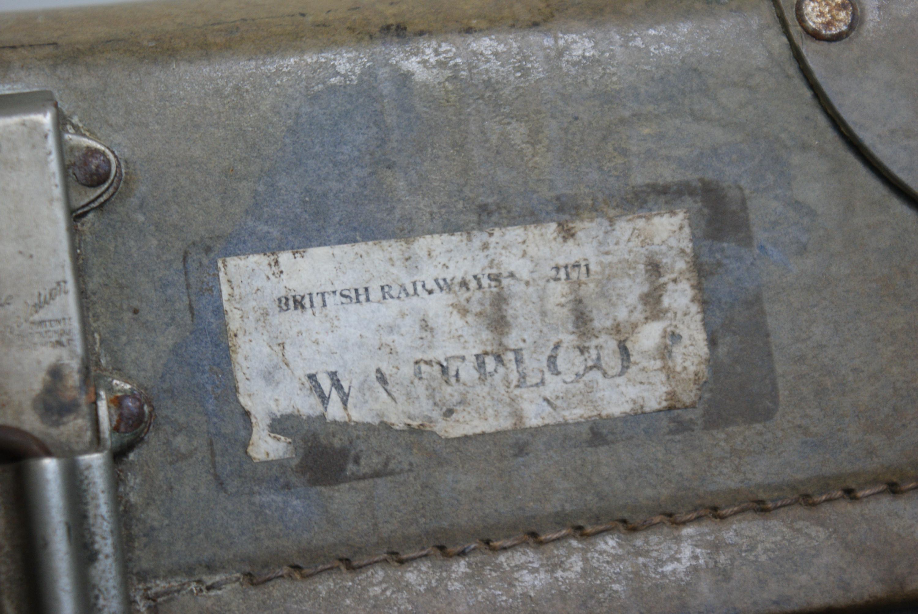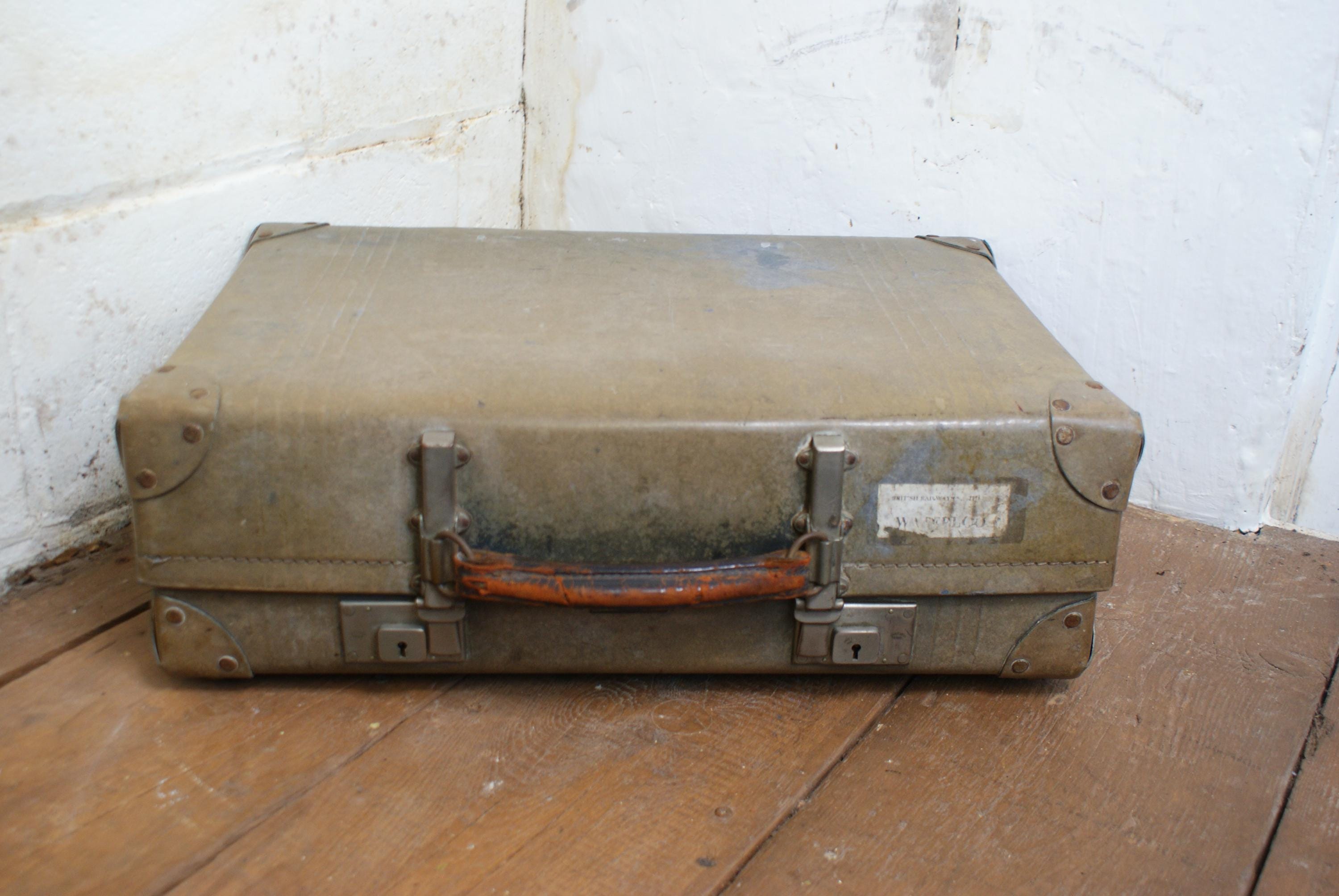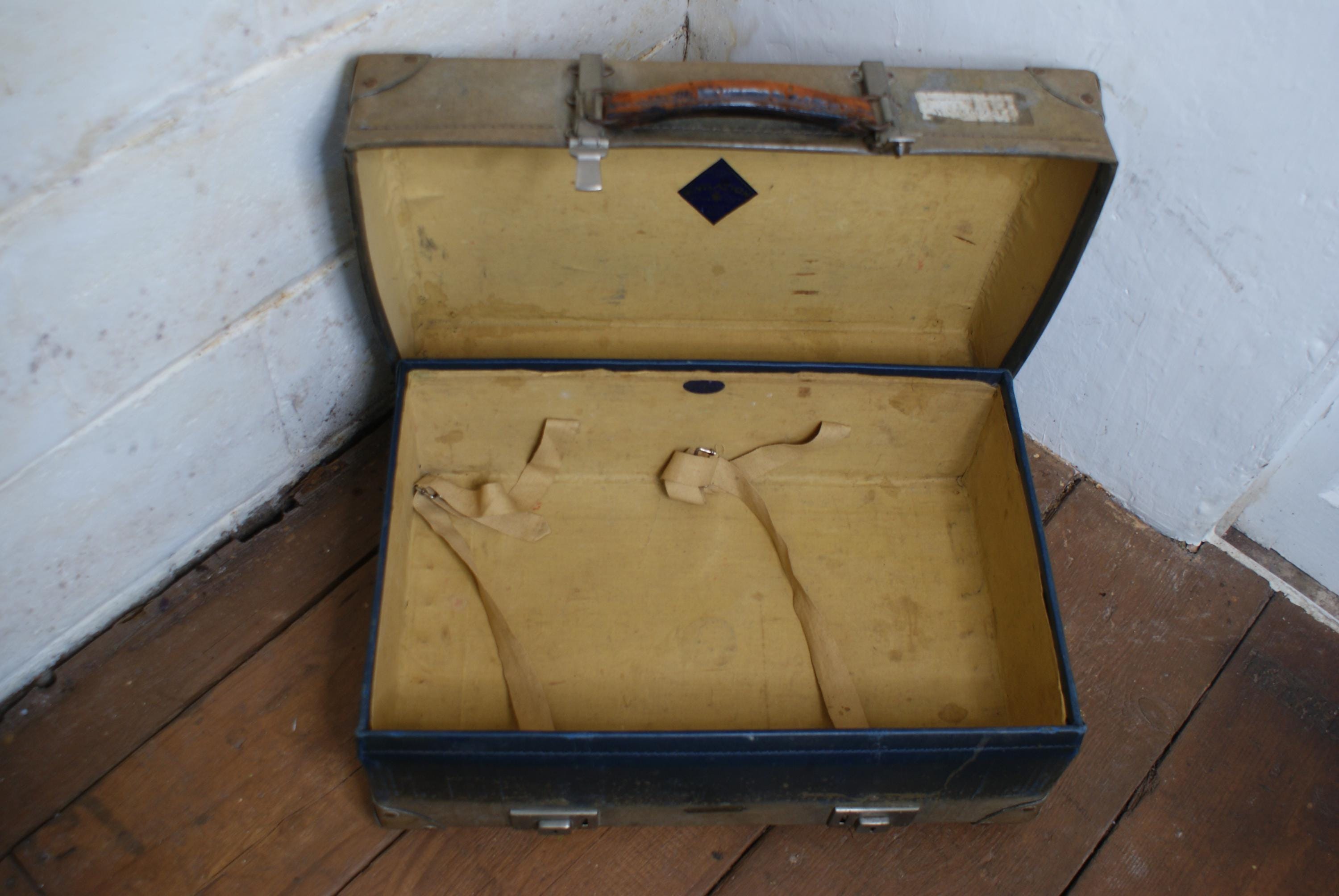 Lovely vintage suitcase, originally blue but the sun fading has given this a unique colour and it still has and original British rail sticker which looks to be for Waterloo station. An ideal piece for creating vintage displays.
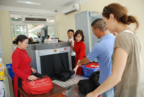 Nhìn những phụ nữ xinh đẹp, duyên dáng trong tà áo dài đỏ, người đứng đón khách từ ngoài cổng, người thì hướng dẫn, người thì trực tiếp kiểm tra an ninh, tiếp nhận và trả hành lý ở cổng vào phía đường Ngọc Hà… dù bận rộn nhưng luôn tươi cười, tận tình hướng dẫn khách như hướng dẫn viên chẳng thể nghĩ đó là những sĩ quan thuộc Ban Tham mưu, Trung đoàn 375.
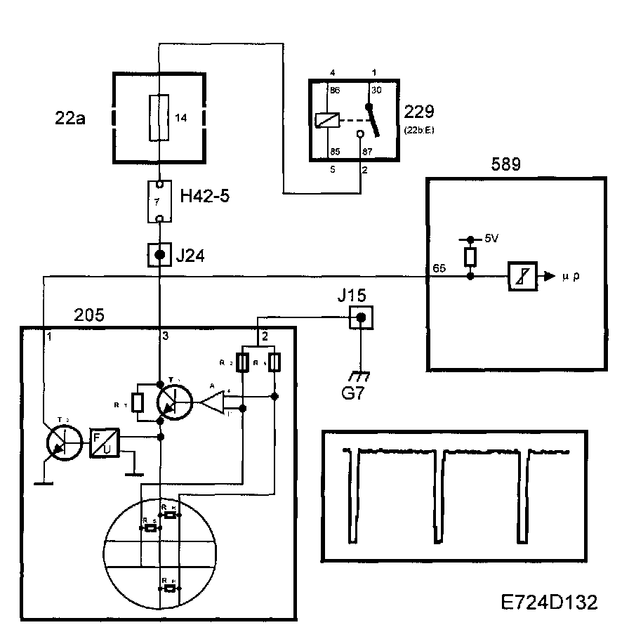 When the ignition switch is turned to the "ON" position, the main relay operates and B+ is supplied to pin 3 on the mass air flow sensor. A current passes RT and the low-ohmic Thermal resistors RH via R1 to ground. As the RH resistors are cold, Their resistance is low. The amplifier then sends a strong base current to transistor T1, whereby RH rapidly heat up. As RH heat up, the resistance increases and a state of equilibrium is achieved.

───

WORK TASK = Write out the whole listing exactly as it appears, and omit the pictures.

RESULT =
 Lovely vintage suitcase, originally blue but the sun fading has given this a unique colour and it still has and original British rail sticker which looks to be for Waterloo station. An ideal piece for creating vintage displays.
 Nhìn những phụ nữ xinh đẹp, duyên dáng trong tà áo dài đỏ, người đứng đón khách từ ngoài cổng, người thì hướng dẫn, người thì trực tiếp kiểm tra an ninh, tiếp nhận và trả hành lý ở cổng vào phía đường Ngọc Hà… dù bận rộn nhưng luôn tươi cười, tận tình hướng dẫn khách như hướng dẫn viên chẳng thể nghĩ đó là những sĩ quan thuộc Ban Tham mưu, Trung đoàn 375.
 When the ignition switch is turned to the "ON" position, the main relay operates and B+ is supplied to pin 3 on the mass air flow sensor. A current passes RT and the low-ohmic Thermal resistors RH via R1 to ground. As the RH resistors are cold, Their resistance is low. The amplifier then sends a strong base current to transistor T1, whereby RH rapidly heat up. As RH heat up, the resistance increases and a state of equilibrium is achieved.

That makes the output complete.